Multi-objective Optimisation for Sustainable Steel Structures Employing Artificial Intelligence

Aim
The power of the approach proposed in this research project can be exercised performing a series of studies focusing on long-span structural systems such as roofs for archaeological sites, airport terminals, concert halls, and train/bus stations. Such structural forms pose a special modelling challenge: they often have large open spaces with unusual shapes and few interior columns, so they rely on systems of triangular space trusses and frames working together to support the load of the building. The use of computer simulation early in the design process - when the share of the building in determined - can have a major impact on embodied energy (Life Cycle Analyses - LCA studies) as well. Careful choice of the geometry and layout of the structure can reduce internal forces and decrease the amount of energy-intensive structural materials required for support.

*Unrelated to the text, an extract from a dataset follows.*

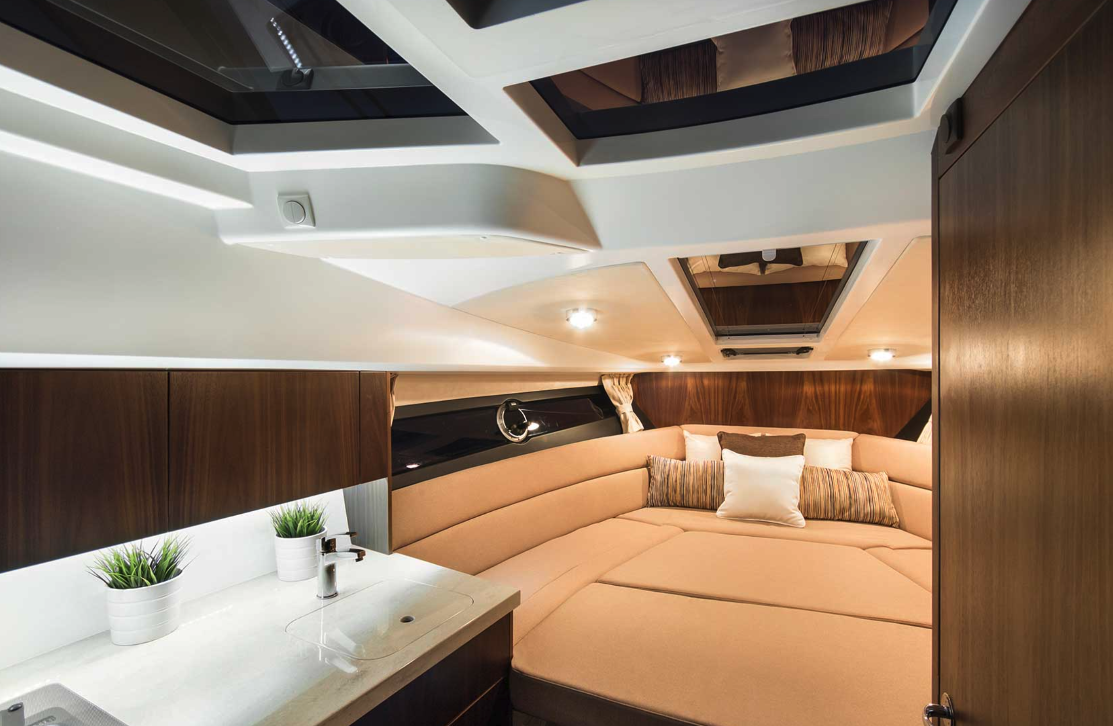 Galeon 305 HTS catches the eye with its thrilling, dynamic exterior and an open deck layout. Come on board to find a generous aft sun pad that doubles as extra storage or find respite in one of the two lounge areas available on the main deck. The manually operated sunroof bathes the interior in natural light – perfect for those sunny summer days.

Accurate service-life prediction of particular long-span members is vital for taking appropriate measures in a time- and cost-effective manner. However, the conventional prediction design models rely on simplified assumptions for typically used members (standard sizes) often leading to inaccurate estimations. Although data driven approaches mainly used today to enhance the performance prediction, they still depend on empirical formulas with many limitations. This project will engage with Artificial Intelligence (AI) methods recently developed for structural engineering applications, as is proving to be an efficient alternative approach to classic modelling techniques, and attempt to reduce the percentage of uncertainty of the results as well as saving significant human time and effort spent in experiments.

Methodology
This study will focus on finding an efficient scheme for the optimisation of both shape and member stiffness distributions in order to create long-span steel members (beams) with higher buckling strength than the one created by just using empirical approaches or even only topology optimisation techniques (recently adopted by practising engineers). Geometric and material characteristics will be optimised for a target to maximise linear buckling load under static as well as dynamic (vibration) actions. Buckling optimisation will be studied for first time at this scale using advanced algorithms of Altair's Hyperworks software tools. Together with machine (supervised) learning Neural Network algorithms (via regression analyses), the limitations of classical prediction models will be demonstrated. Parametric nonlinear finite element (FE) analyses will be performed using ANSYS software to feed the machine learning algorithm with validated data. In addition, both the initial energy required for making structural materials and components as well as the future operational energy will be quantified and compared for the design of energy-efficient structures.

Impact
The knowledge generated by this project can push solutions in interesting and unexpected ways and lead to new building designs and regulations (including low- and high- storey lightweight structures) via the design of long-span lightweight and stiff (support-less) structural members that are high-performance, innovative and architecturally expressive.